Это был 1923 год, один из первых годов нашей литературной молодости.
Как-то мы были на делянке деткоммуны имени Василия Чумака. Иван Кириленко, кажется, Божко и другие, всех не помню.
У Тычины, в его гениальном стихотворении «Воздвигне Вкраїна свойого Мойсея» есть такие строчки:
Од всїх своїх нервов у степ посилаю: — Поёте! Устань!Я ещё на фронте когда читал:
А справжня муза, неомузена, Там, десь на фронті, в ніч суху, Лежить запльована, залузана На українському шляху,—то думал, что т. Тычина сказал это обо мне.
А в строчках:
— Поёте! Устань! —я просто чувствовал, или мне так казалось, что он обращается ко мне, что с заплёванной душой, в сухую ночь лежал с винтовкой в руках я на кровавом шляху Украины…
— Поёте! Устань!И душа моя кричала великому поэту нашего народа:
— Если я чудом выживу, я встану!
Как-то странно переплеталась для меня во времени поэзия Тычины.
Но это было так.
Ведь в боях где-то в глубине моей души всегда жило предчувствие, что меня не убьют, что я ещё буду жить и петь.
Смерти я не боялся.
И буквально так позже сказал о себе Павло Григорьевич.
Я просто ужаснулся.
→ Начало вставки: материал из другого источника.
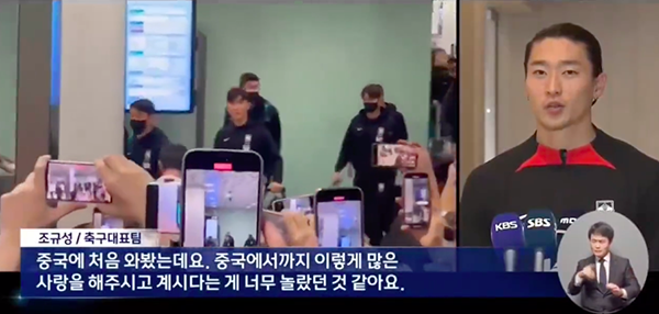 昨天,韩国男足抵达深圳机场时,受到了大批中国球迷的热情接机,对此曹圭成也颇感意外:“这是我第一次来到中国,在中国我们也收到了很多爱,也让我感到很惊讶。因为我以为客场作战,总是难逃被对方球迷狂嘘,所以我对于中国球迷的热情欢迎有些意外!当然,我知道大多数中国球迷都不是冲着我来的,很多人拿着孙兴慜哥的球衣,还有李刚仁的球衣。”

Словно он — это я.
Но возвращаюсь на участок деткоммуны.
Павло Григорьевич лежал в траве и задумчиво и мечтательно смотрел своими волшебными зелёными глазами в небо, а иногда и на нас.
Я спросил его:
— Пришёл тот поэт, которого вы звали?
И Тычина ответил:
— Нет.
Но я не поверил ему.
Какая странная юношеская самоуверенность и вера в свои силы, не только в те, что во мне были, но и в те, что будут!
Потом ещё летели дни.
Павло Григорьевич бывал в семье Ивана Днепровского, куда заходил и я, и читал нам свои харьковские стихи о жестоких часах над головой, о кладбище…
И вдруг сказал:
— А что, как я высохну?..
Мы молчали.
Позднее Тычина сам ответил на этот тревожный крик своей души:
Глубинами не высохну, не обмелею…Да. Я любил и люблю Тычину как великого нашего поэта.
Хотя и люблю в нём не всё.
Много даёт он в печать так называемых поэтических отходов своей творческой лаборатории, которые беспокоили и беспокоят меня, потому что я знаю, какой это гигант, и становится больно, когда он иногда, и не совсем иногда, стреляет из пушек по воробьям.
Но, несмотря на это, Тычина — гений, и таким он есть не только для нас, таким останется и для наших потомков, если не умрёт наш язык, а вместе с ним не умрём и мы как нация.
LI
И вот Вера с сыновьями оставила меня. Она переехала в старую комнату, поссорившись со мной навеки.
Ну пусть мы поссорились. Но при чём же здесь дети?
Почему они должны расти наполовину сиротами?
Я никогда себе не прощу этого, как и сыны мои, отказавшиеся от меня,
Олег даже сказал, что, когда я умру, он не пойдёт за моим гробом.
А Коля резко и навсегда порвал со мной.
Жена воспитала их в смертельной ненависти ко мне. Она даже придумала лозунг для сыновей: «Рвать и презирать». Это у меня «рвать» и меня «презирать».
Ну что ж. Что посеешь, то и пожнёшь.
Тяжко обнажать своё сердце, но я иначе не могу. Моя рана не только моя. Сколько у нас семейных трагедий! Не счесть. Правда, их становится всё меньше. Это говорит об укреплении нашей страны, и в конце концов их не станет совсем. Я верю в это.
Верю в гармоничного человека коммунизма, который победит не только доисторического человека нравственно, но победит и саму смерть и станет Владыкой Космоса, победит пространство и время, станет бессмертным.
Опять возвращаюсь назад.
Как мне хочется сказать о тех, кого уже нет с нами. Кого вырвала из наших рядов кровавая рука, поднявшаяся на советский строй, о тех, кто чудом остался в живых.
Я написал поэму «Махно», за которую испил столько горя, что и потомкам хватит. В этой поэме я вспоминаю о Примакове, одолевшем Махно. И вот он, живой герой моей мечты, пригласил нас на встречу в дом Раисы Азарх, которая говорила нам, что она командовала боевыми участками фронта. А мне почему-то не верилось.